WHAT IS REQUIRED -
Pictures in the material below are to be left out, and only the lines from the line with "Couchbase 群集所有" up to and including the line with "Plisseret nederdel i" are to be written out exactly.

RECORDS SHOWN -

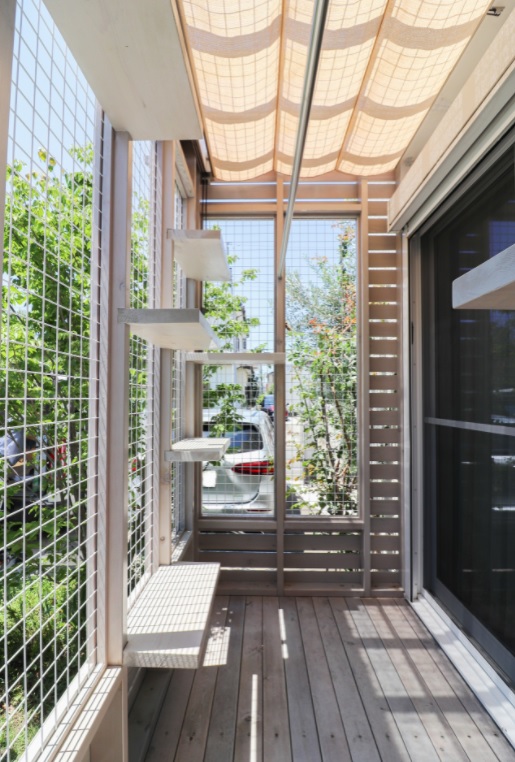 そこまでの広さはないものの、良いアイディアと思ったのが「『愛猫専用テラス』猫と暮らす家」(株式会社アールプラン)。猫たちのために作った畳1枚ほどの小さなサンルームは風、日差しが入る半戸外空間で洗濯物を干すスペースとしても利用できるという。解説からは人間がそこで猫と一緒に日なたぼっこすることは想定されていないようだが、写真を見ると陽光が外に出ておいで、猫と一緒にのんびりしなさいと手招きしているようである。
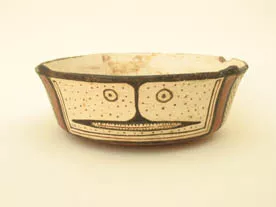 Pequeño recipiente cerámico de base apuntada, cuerpo globular y boca restringida. Dos protuberancias opuestas casi en el borde. Superficie alisada y engobada sin decoración
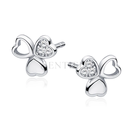 Srebrne pr.925 kolczyki z białymi cyrkoniami - koniczyna
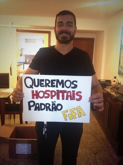Protest against the government prioritizing spending for the FIFA World Cup 2014 instead of much-needed hospitals
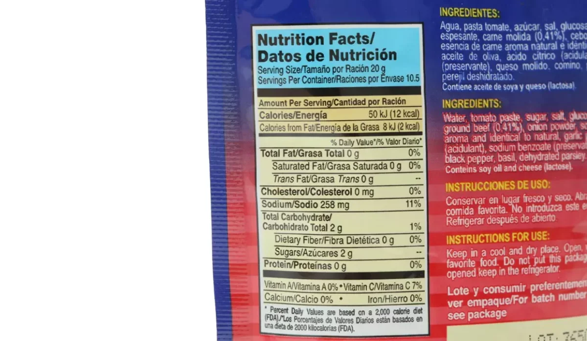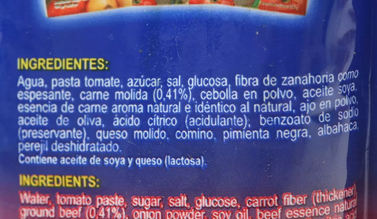 | Ingredientes | Agua, pasta de tomate, azúcar, sal, fibra de zanahoria, carne molida, cebolla en polvo, aceite de soya, ajo en polvo, aceite de oliva, queso molido, comino, pimienta negra, albahaca y perejil |
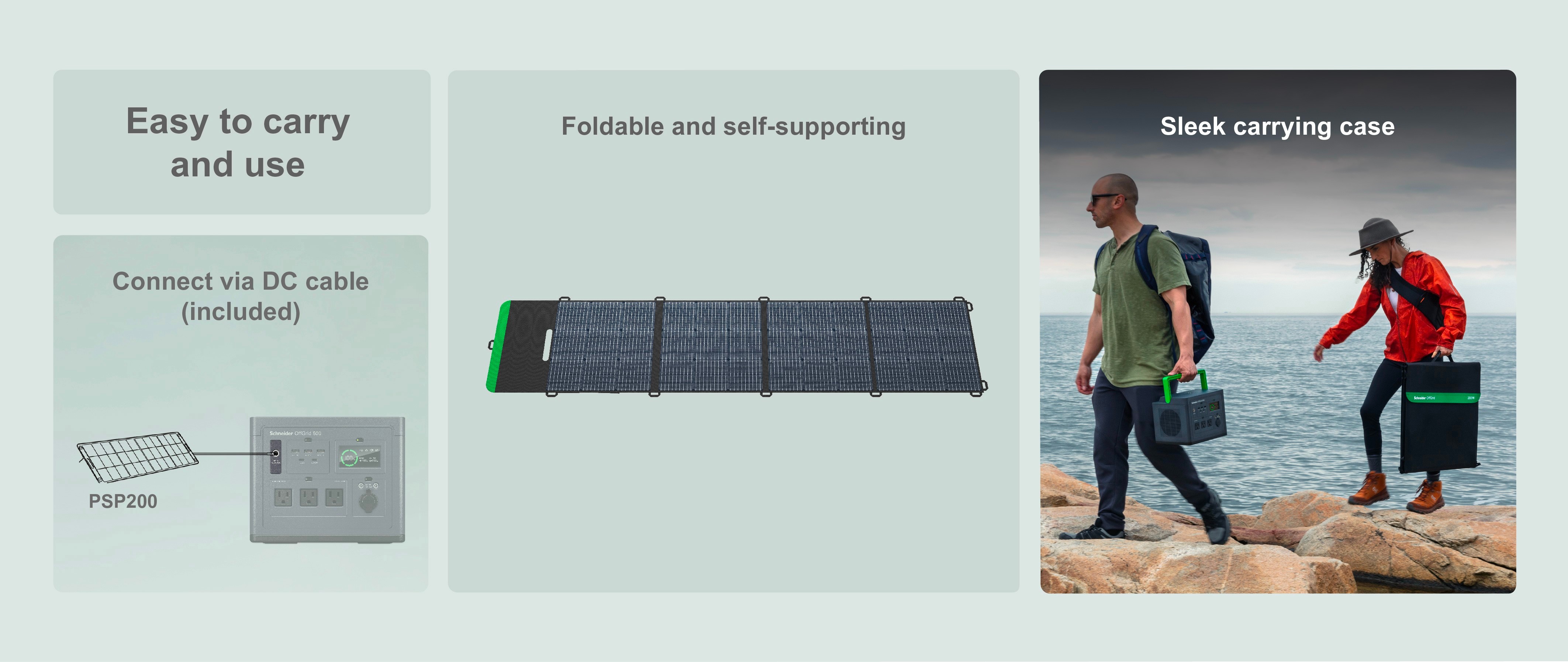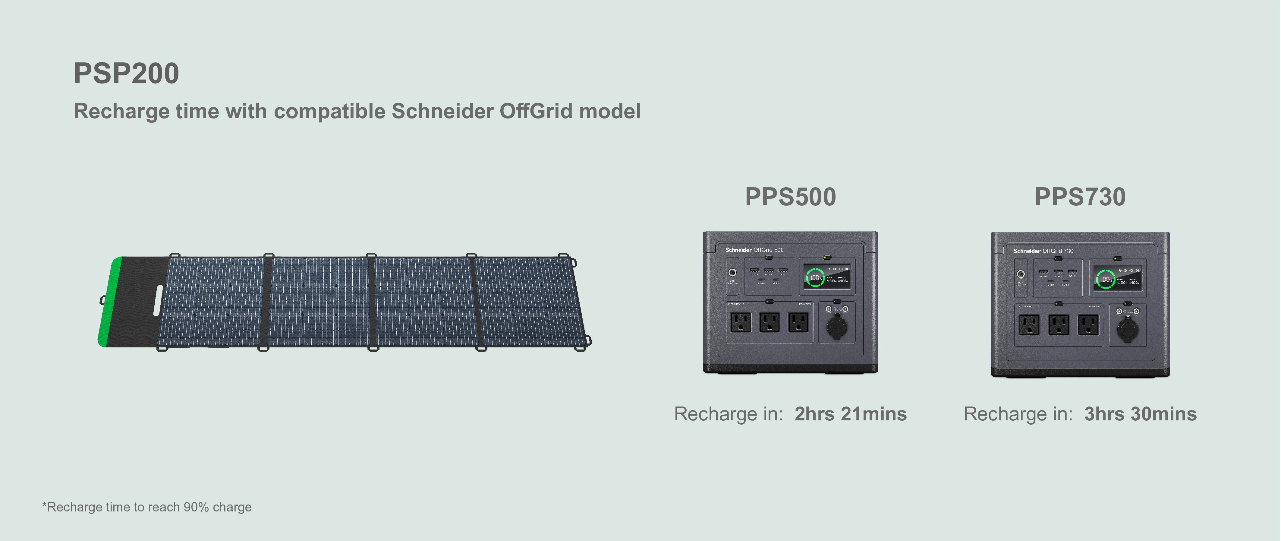 The OffGrid Portable Solar Panel 100W (PSP100) is compatible with OffGrid 330, 500, and 730. The OffGrid Portable Solar Panel 200W (PSP200) is compatible with the OffGrid 500 and 730.
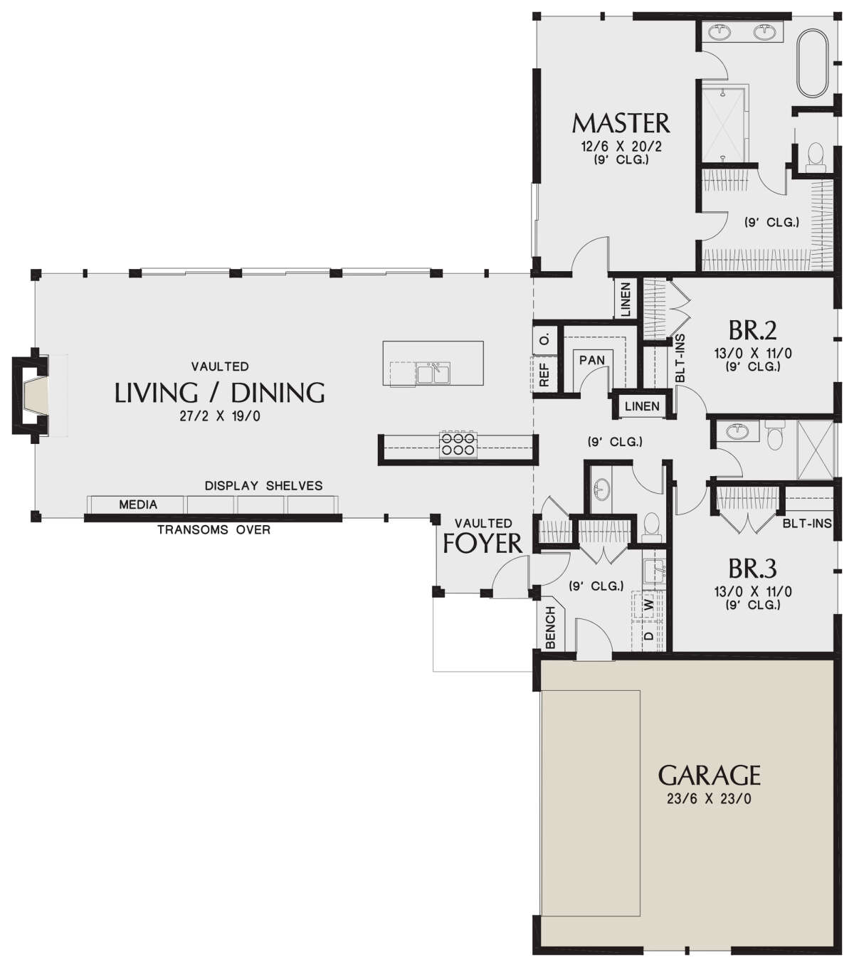 Это проект одноэтажного дома с гаражом на две машины жилой площадью 196 кв.м. Длина дома 22.9 м, ширина 19.5 м, высота 4.9 м. В доме три спальни и два санузла.
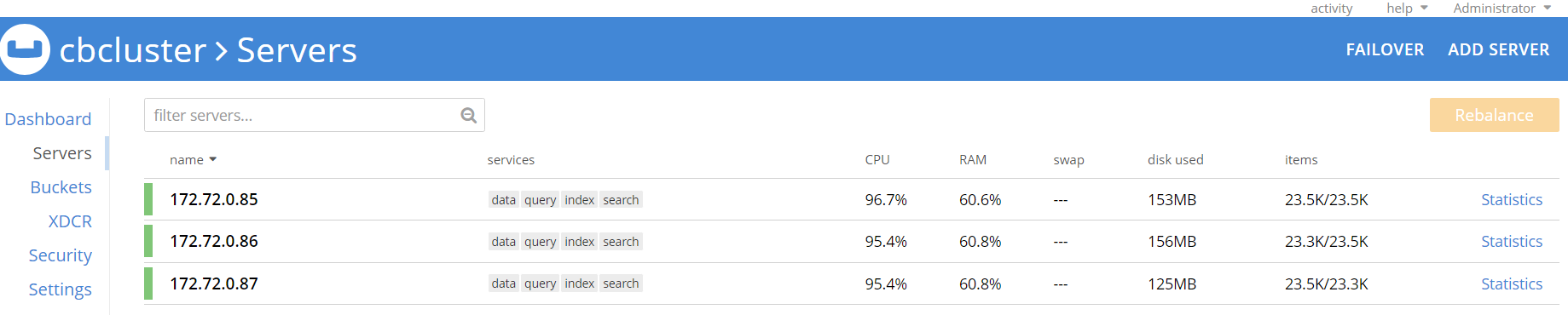 Couchbase 群集所有点都是对等的,只是在创建群或者加入集群时需要指定一个主节点,一旦结点成功加入集群,所有的结点对等。
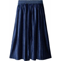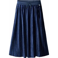 Plisseret nederdel i blødt mørkeblå velour. Nederdelen har elastik i taljen med et bindebånd, der giver mulighed for at bære den både oppe i taljen og på hoften. Skørtet har en længde til midt på skinnebenet og falder smukt i den tunge velour.
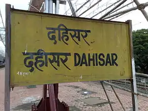 With the construction of the railway line connecting Dahisar to the city of Mumbai in 1867,[1] came the first lot of migrants, the people from Sindhudurg region of Konkan. These migrants established the first planned residential areas of Dahisar - Maratha Colony in Dahisar East and Mhatre Wadi in the West. The Railway authorities wanted to name the Railhead at Dahisar as Mount Poinsur, but the locals opposed this move and forced the authorities to name it as Dahisar. Currently, it has 4 platforms with 2 for Slow line (Up and Down) and 2 for fast line (Up and Down). All platforms can handle 15-coach Suburban trains.
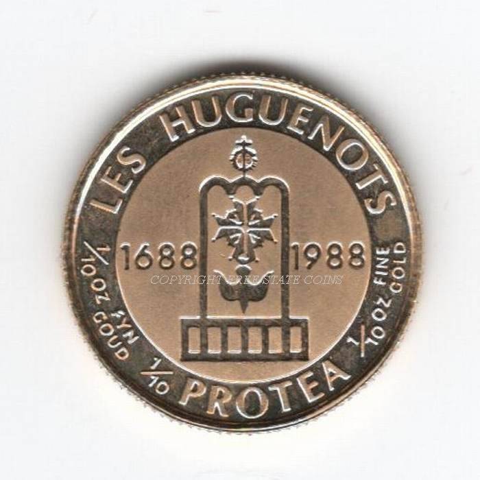 1988 Protea Les Huguenots 1/10 oz Proof Gold Coin

WRITTEN SOLUTION -
 Couchbase 群集所有点都是对等的,只是在创建群或者加入集群时需要指定一个主节点,一旦结点成功加入集群,所有的结点对等。
 Plisseret nederdel i blødt mørkeblå velour. Nederdelen har elastik i taljen med et bindebånd, der giver mulighed for at bære den både oppe i taljen og på hoften. Skørtet har en længde til midt på skinnebenet og falder smukt i den tunge velour.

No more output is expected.